Aβ first deposits in the basement membrane of the outer layer of the blood vessel and then infiltrates into the smooth muscle cell layer. The deposition of Aβ reduced the adhesion of SMCs to the basement membrane. The middle layer of blood vessel was replaced by Aβ, and the smooth muscle cells degenerated. Researchers have found that Aβ is deposited in the basement membrane of capillaries and protrudes into the nerve felt in a plate shape. A beta promotes the deposition of perivascular fibers, leading to amyloid angiopathy. There are two possible mechanisms.

Reducing the expression of fibroblast growth factor 2

The effect of Aβ on vascular endothelial cells via fibroblast growth factor 2 pathway is through autocrine/paracrine pathway.
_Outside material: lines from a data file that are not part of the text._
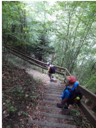
... und steile Treppen kehrten wir nach Weinfeldern zurück und von dort per Zug nach Hause nach Rickenbach.
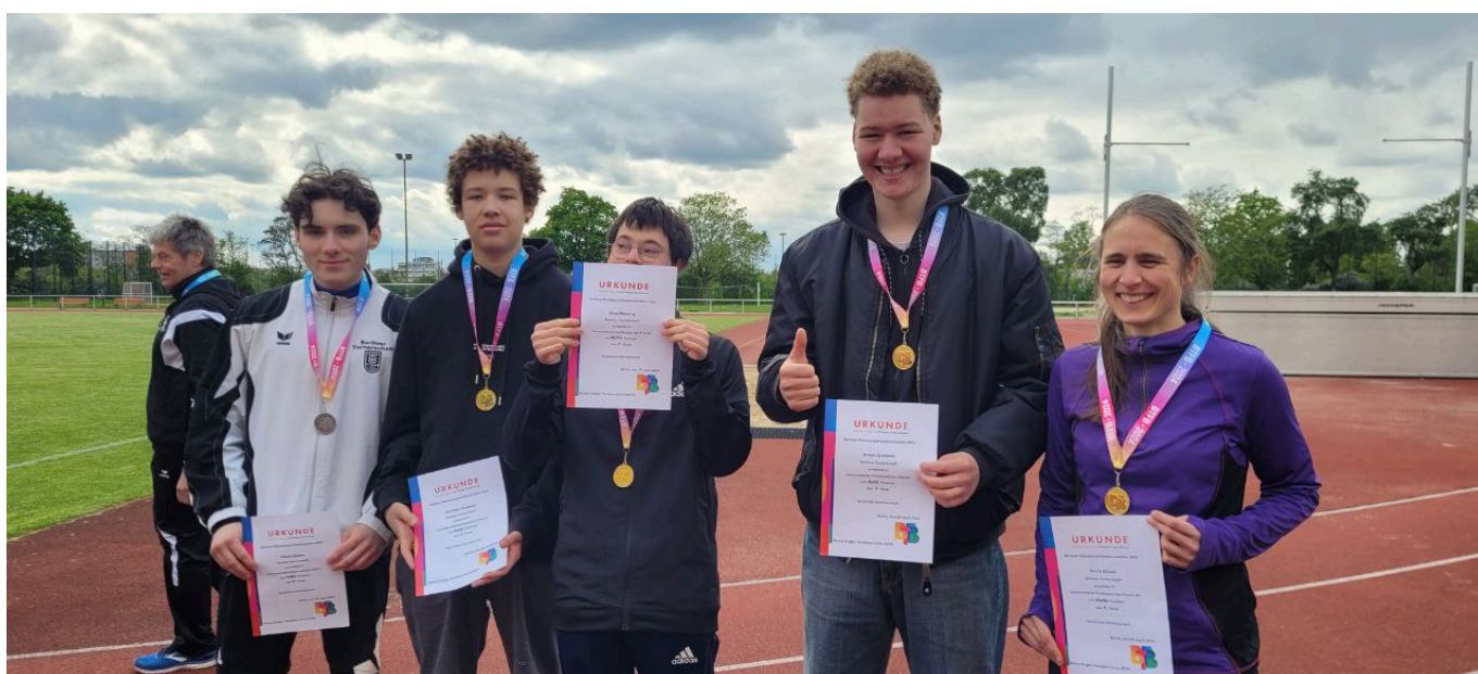
BMKM, LA 5-Kampf am 20.04.2024
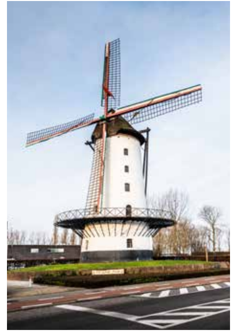
Menen werd lang vereenzelvigd met negatieve zaken. Het tij is aan het keren.
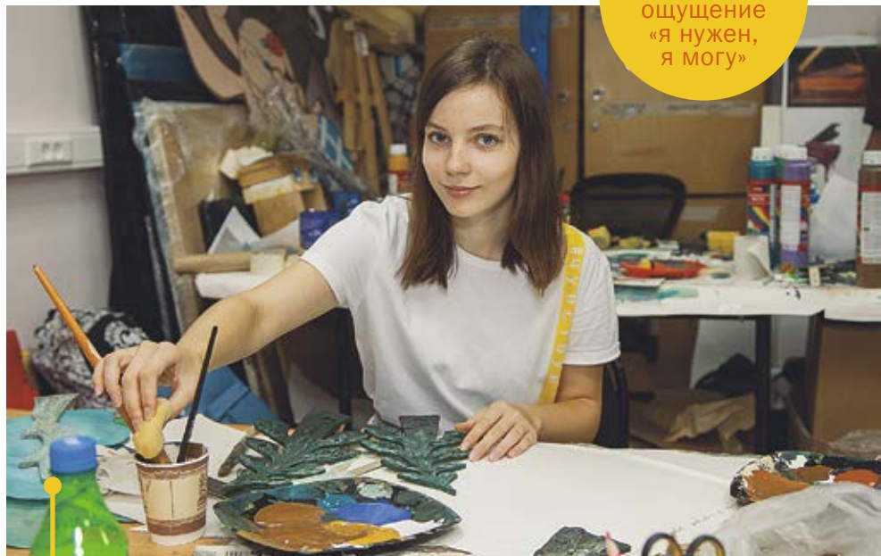
Ассистент художника-декоратора – киностудия «Союзмультфильм»
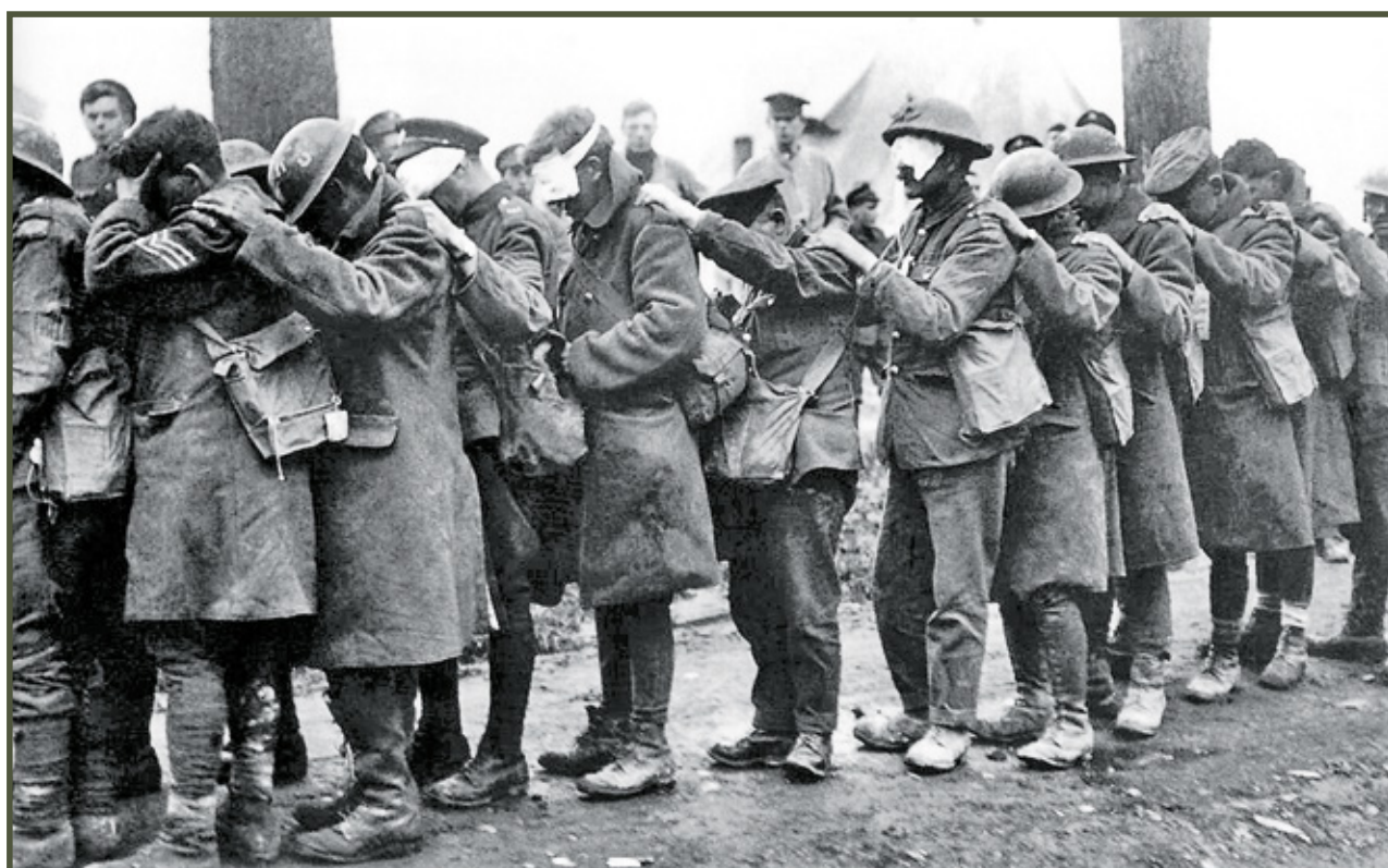
Żołnierze brytyjscy oślepieni gazem

Aβ interacts with the membrane receptor of fibroblast growth factor-2 to block the role of fibroblast growth factor-2 axis.

The point mutation of APP results in the variation of amino acids at position 21-23 of Aβ. These mutants are closely related to the different genetic phenotypes of amyloid angiopathy, the degree of cerebral vascular tropism, the remodeling of damaged microvessels and vascular proliferation.

To sum up, Aβ is one of the starting factors and key links in the pathogenesis of AD. At present, some progress has been made in the prevention and treatment of AD by clearing the Aβ pathway. With the in-depth study of Aβ, therapeutic drugs targeting Aβ will emerge continuously, bringing good news to AD patients.